Organophosphorus insecticides (OPI) represent a major class of pesticide employed worldwide either for mitigating pests or preventing vector born disorders in agriculture and public health respectively. Although OPIs are less persistant than organochlorine insecticides, presence of OPI residues in various components of biosphere (Varo et al., 2002; Sanghi et al., 2003; Battu et al., 2004; Kumari et al., 2008; Joko et al., 2018) clearly suggest that OPI are realistic toxicological threat. OPI act by inhibiting the enzyme acetylcholinesterase (AChE) and thereby causing cholinergic stress-mediated neurotoxicity (Fukuto, 1990; Sultatos, 1994; Sogorb & Vilanova, 2002). It is now well recognized that OPI exhibit potential to cause endocrine disruption (McKinlay et al., 2008; Mnif et al., 2011; Cecchi et al., 2012). Activation of hypothalamus-pituitary-adrenal axis as evidenced by increase in circulating glucocorticoid hormones appears to be one of the most widely observed effects of OPI and other AChE inhibiting chemicals (Spassova et al., 2000; Joshi & Rajini, 2009; Joshi & Rajini, 2012).

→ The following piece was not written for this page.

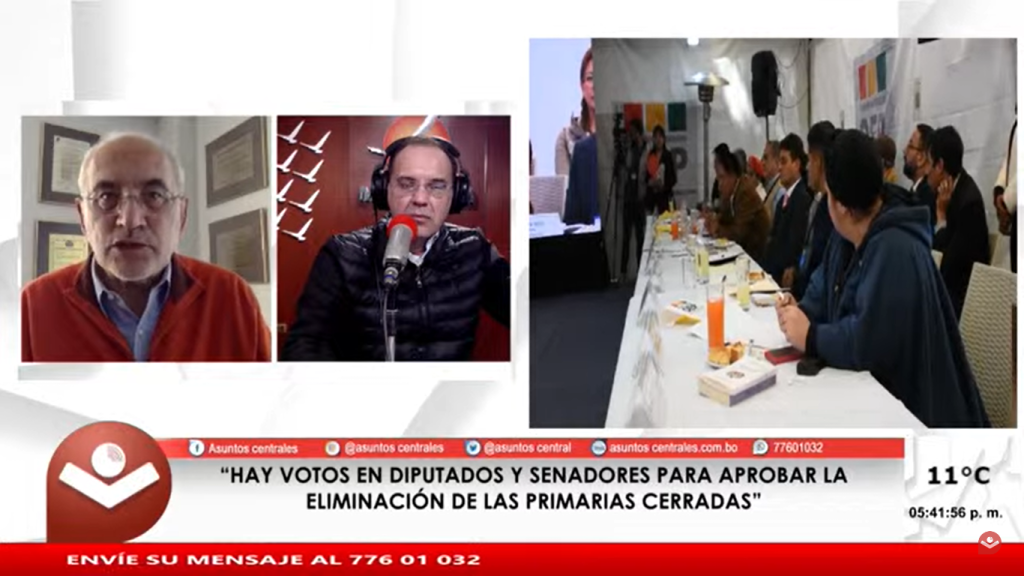En diálogo con Asuntos Centrales, Mesa acusó al expresidente Evo Morales de intentar chantajear el TSE con su decisión de no firmar el acuerdo multipartidario si el máximo tribunal electoral no avalaba el Congreso del MAS evista realizado en Lauca Ñ o postergaba el mandato de las directivas del MAS-IPSP.

In addition both clinical (revived by Joshi & Sukumaran, 2019) and experimental studies (Rahimi et al., 2007; Joshi et al., 2009) establish that OPI possess hyperglycemic potential. Cholinergic stress is one of the major factors responsible for hyperglycemic nature of OPI (MCP) (Joshi & Rajini, 2012) and can be completely attenuated by antagonists of cholinergic and adrenergic receptors (Joshi & Rajini, 2012; Joshi et al., 2012). Epidemiological studies on cohorts of farmers and pesticide formulators reveal that chronic exposure to pesticides including OPI is associated with the development of symptoms of diabetes in exposed individuals and the duration of exposure determine the degree of symptoms in exposed individuals (Montgomery et al., 2008; Raafat et al., 2012). Further, it is now established that OPIs elicit insulin resistance in experimental animals (Mostafalou et al., 2012, Nagaraju et al., 2015).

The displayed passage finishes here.